** RECORD SET **

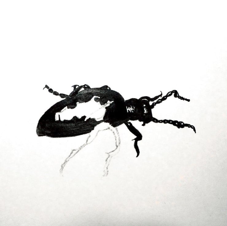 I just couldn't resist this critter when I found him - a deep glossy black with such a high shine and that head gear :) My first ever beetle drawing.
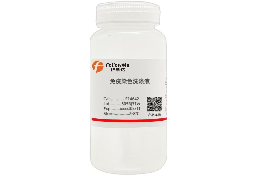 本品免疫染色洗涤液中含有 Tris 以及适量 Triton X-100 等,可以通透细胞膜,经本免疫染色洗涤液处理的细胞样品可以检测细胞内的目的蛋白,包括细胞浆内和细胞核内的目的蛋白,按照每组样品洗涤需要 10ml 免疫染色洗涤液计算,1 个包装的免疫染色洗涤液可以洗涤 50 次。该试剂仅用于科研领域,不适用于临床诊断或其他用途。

...

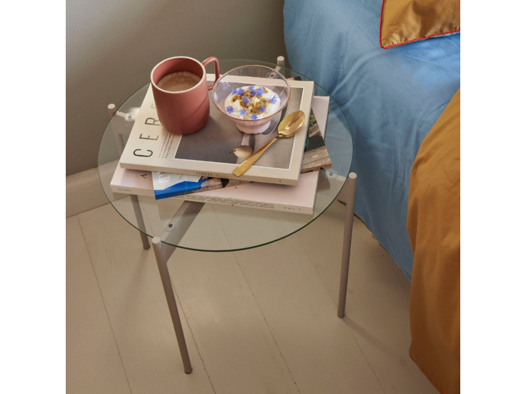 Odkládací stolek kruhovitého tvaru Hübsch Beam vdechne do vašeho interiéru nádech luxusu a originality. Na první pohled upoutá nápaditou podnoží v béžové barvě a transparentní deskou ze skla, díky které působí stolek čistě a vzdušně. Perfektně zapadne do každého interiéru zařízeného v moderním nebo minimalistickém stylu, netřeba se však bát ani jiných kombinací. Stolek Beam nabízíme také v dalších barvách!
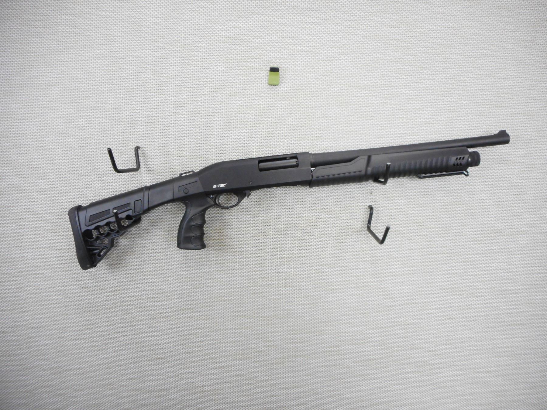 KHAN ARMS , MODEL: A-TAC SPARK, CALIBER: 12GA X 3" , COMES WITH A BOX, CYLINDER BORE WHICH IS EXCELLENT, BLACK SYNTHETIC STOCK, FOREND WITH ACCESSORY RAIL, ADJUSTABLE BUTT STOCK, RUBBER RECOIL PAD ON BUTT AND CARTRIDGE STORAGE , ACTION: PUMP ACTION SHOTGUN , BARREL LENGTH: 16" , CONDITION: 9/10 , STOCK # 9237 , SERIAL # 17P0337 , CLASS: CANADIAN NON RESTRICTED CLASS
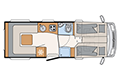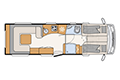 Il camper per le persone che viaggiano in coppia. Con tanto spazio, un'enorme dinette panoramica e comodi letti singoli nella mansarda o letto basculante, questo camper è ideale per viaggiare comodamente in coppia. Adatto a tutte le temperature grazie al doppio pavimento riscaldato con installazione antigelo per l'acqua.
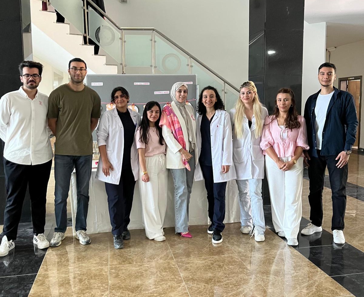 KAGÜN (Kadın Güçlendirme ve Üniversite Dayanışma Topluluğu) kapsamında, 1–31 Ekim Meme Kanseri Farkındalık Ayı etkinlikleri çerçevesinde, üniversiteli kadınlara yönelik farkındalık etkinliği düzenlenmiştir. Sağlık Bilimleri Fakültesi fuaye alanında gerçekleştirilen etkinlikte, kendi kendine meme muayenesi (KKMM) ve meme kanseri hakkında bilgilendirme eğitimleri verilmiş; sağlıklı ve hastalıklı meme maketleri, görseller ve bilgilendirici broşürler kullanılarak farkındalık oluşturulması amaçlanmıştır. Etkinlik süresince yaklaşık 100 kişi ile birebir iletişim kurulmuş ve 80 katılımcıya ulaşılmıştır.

==

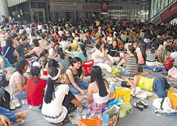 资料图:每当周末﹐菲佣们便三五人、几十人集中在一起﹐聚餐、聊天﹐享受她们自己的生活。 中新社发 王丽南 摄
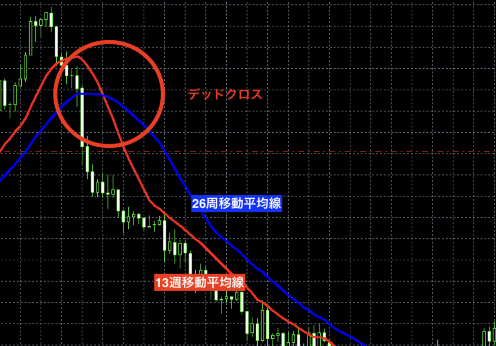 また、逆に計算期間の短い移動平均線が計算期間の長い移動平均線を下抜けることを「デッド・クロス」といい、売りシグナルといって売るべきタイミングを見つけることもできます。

** WHAT THE TASK ASKS **
Reproduce the listing above exactly from the line containing "Il camper per" up to and including the line containing "KAGÜN (Kadın Güçlendirme", omitting any images and everything outside those lines.

** RESPONSE TO THE TASK **
 Il camper per le persone che viaggiano in coppia. Con tanto spazio, un'enorme dinette panoramica e comodi letti singoli nella mansarda o letto basculante, questo camper è ideale per viaggiare comodamente in coppia. Adatto a tutte le temperature grazie al doppio pavimento riscaldato con installazione antigelo per l'acqua.
 KAGÜN (Kadın Güçlendirme ve Üniversite Dayanışma Topluluğu) kapsamında, 1–31 Ekim Meme Kanseri Farkındalık Ayı etkinlikleri çerçevesinde, üniversiteli kadınlara yönelik farkındalık etkinliği düzenlenmiştir. Sağlık Bilimleri Fakültesi fuaye alanında gerçekleştirilen etkinlikte, kendi kendine meme muayenesi (KKMM) ve meme kanseri hakkında bilgilendirme eğitimleri verilmiş; sağlıklı ve hastalıklı meme maketleri, görseller ve bilgilendirici broşürler kullanılarak farkındalık oluşturulması amaçlanmıştır. Etkinlik süresince yaklaşık 100 kişi ile birebir iletişim kurulmuş ve 80 katılımcıya ulaşılmıştır.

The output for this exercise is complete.